# How much is this worth?



## Du520 (Jul 8, 2009)

What do you guys think?

http://www.realtor.ca/propertyDetails.aspx?propertyId=8454117

mls: C1655026 

What would you pay for this area?

Thanks,


----------



## coin purse (Jul 3, 2009)

It looks like a nice pad in a great location. The one thing I couldn't tell from the photos was what floor it was on. 
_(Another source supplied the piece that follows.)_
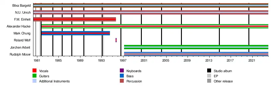 - F.M. Einheit – percussion, vocals (real name: Frank Martin Strauß, 1981–1995)

Was the view from the balcony not shown for a reason?


----------



## Du520 (Jul 8, 2009)

Hey,

It's ground level surrounded by a courtyard & about 15 similar units. It has its own patio that can easily fit some furniture, a table, and a barbecue. It's got its own entrance from the courtyard. I think it's classified as a "condo townhome" which is how I saw it listed on a realtor's webiste.

Thanks,


----------



## Maltese (Apr 22, 2009)

I have no idea what the condo is worth but maintenance fee of $570/month is pretty high. This amount is in addition to what you'd pay for taxes.


----------



## Sampson (Apr 3, 2009)

You'll want to investigate the condo fees further. Such high fees from a presumably newer building (looking at exterior condition) can be a very bad sign. It could mean that there are repairs that require funding in the near future, or the condo reserve fund is underfunded.

Condo fees will also be higher with more common areas, swimming pools, elevators, gyms etc, but if that building doesn't have those, you'll want to check it out.

If you plan on making an offer, make sure your realtor gets copies of the condo board AGM and normal meetings, get a copy of the last condo reserve fund study, financial audits, annual budgets and all other pertinent documents. Then carefully read through them and make sure there aren't any major problems/repairs in the works.


----------



## MoneyGal (Apr 24, 2009)

Slightly OT: one of the problems I have with condo fees (or perhaps I should phrase that as one of the issues I see with condo fees) is that when you own a home, you can make your own choices about repairing and renovating, including delaying or not undertaking those repairs. 

However, when you are a condo owner, those choices are largely out of your control - you are required to essentially fund a reserve fund for the corporation to draw on for repairs. 

I'm not suggesting it is a *good* idea to delay or avoid repairs to a house or any other building -- I just think of condo fees as not just forced savings, but savings over which you personally have little control.


----------



## HaroldCrump (Jun 10, 2009)

IOW, it's a slush fund for the property management company - part of it finances its overheads and the other part must be disappearing under "expense" accounts of certain nature.
When the properties are new, relatively few repairs would be required.
By the time a property ages enough to require regular and heavy maintenance, the fees would anyway have gone by several times in the meantime.
For a new-ish complex, the fees are just another form of "tax" - one more person/agency to dip into your pocket.


----------



## Cal (Jun 17, 2009)

The asking price is probably reasonable....not that I would pay that much for a 1 bedroom.....

but the condo fee....$570 per month....thats $570 per month that could go towards your mortgage.


----------



## OhGreatGuru (May 24, 2009)

Real estate is only 'worth' what people are willing to pay for it. Given the location in the middle of downtown Toronto the price is not shocking. Condo fee seems high, but I have no idea what the going rate is for condos in that location. You might inquire further as to what services are included in that fee - parking for instance?


----------



## iherald (Apr 18, 2009)

The maintence fees are about 50c per square foot. Not amazing, but not terrible.


----------